Speaking just for my own intended project, not Dave's, my understanding is that
what I intend to do is so fundamentally different from any existing genealogy
projects that it really is best for me to start my own, though mine would be
open source and it can still glean things from other projects.
For one thing, my project is more abstract and extensible, and actually is more
of an ontology tool than a genealogy tool, but that it would handle genealogy
particularly well. For another thing, my project focuses on presenting chains
of claims, he-said-she-said, with each link being fully described, and not
simply a bibliography, and this relating to how much stock one can put in the
claims associated with the sources.
In any event, as I said this project is temporarily shelved while I work on my
SQL replacement first. In fact, if one were to look at my (ostensibly
completely specified) relational Muldis D language and how its design could be
used by DBMS access tools or ORMs as a front for SQL databases today, and see
how my approach differs from every other SQL tool/ORM out there, which are
relatively a lot more self-similar, this might give a hint as to how thoroughly
I may present a different tool for genealogy than those existing now; I'm no
more constrained by GEDCOM than by SQL.
I must admit, I do like your distinction between "first hand
experience", "assumed most likely considering X" and "just heard it
somewhere" as examples of differing quality of non-record-based sources.
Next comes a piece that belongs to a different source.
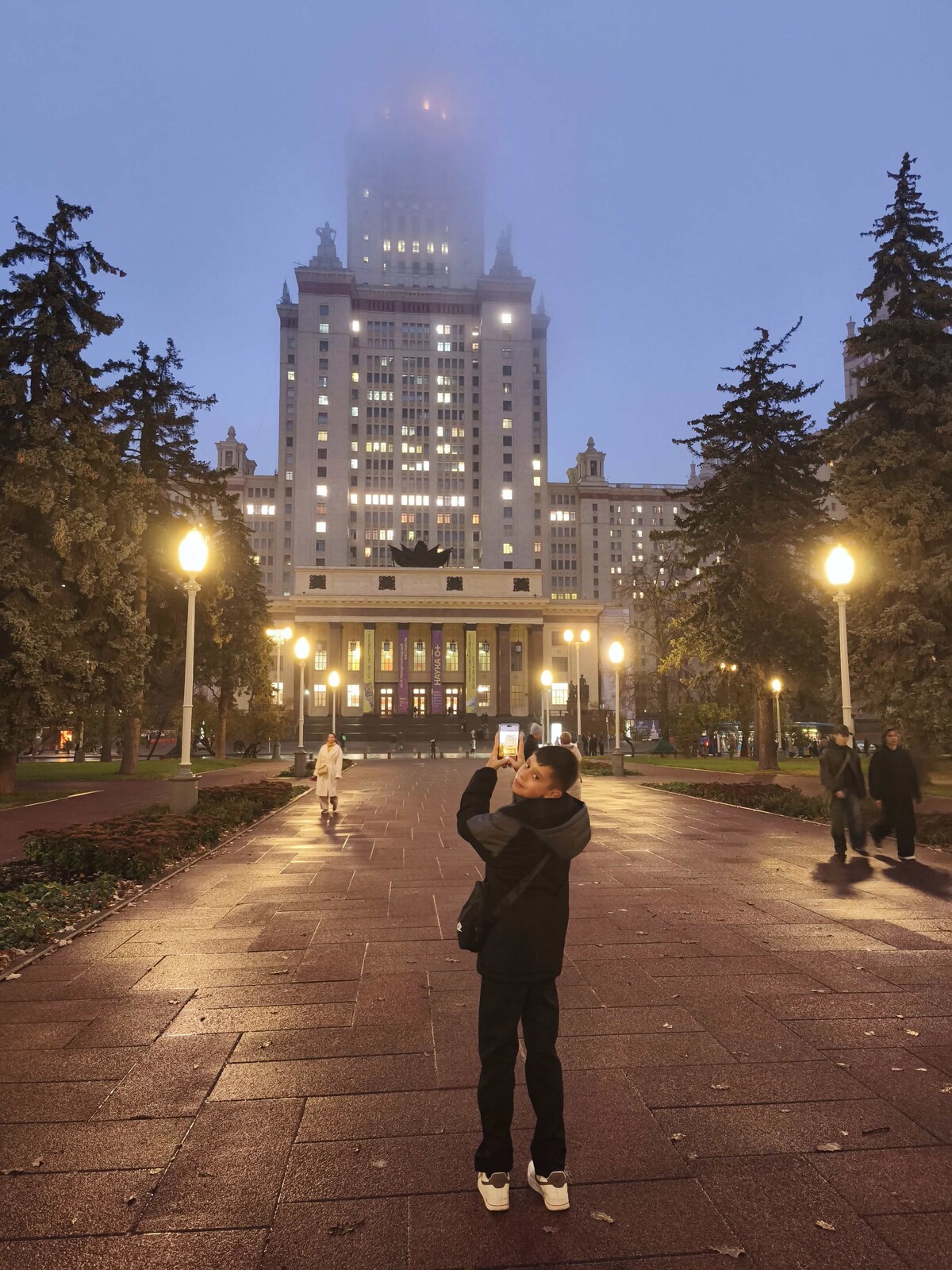 👉 Программа началась с экскурсии по Научному парку МГУ и фотографий на крыше с видом на Главное здание:

GEDCOM 5.5 (still the de facto standard, and the implementation on which
this list is based) only has QUAY 0/1/2/3 (which it defines basically as
"unreliable" / "questionable" / "secondary" / "primary or
evidence-based"), and these are neither carefully enough defined nor
sufficiently widely or consistently used to be of much value except to
the person ascribing the quality to the source in the first place.
Yes, each person using the database would be a source themselves, or a proxy for
one, and can talk about their own first hand experience. This isn't like an
encyclopedia where information not first written down elsewhere is disallowed.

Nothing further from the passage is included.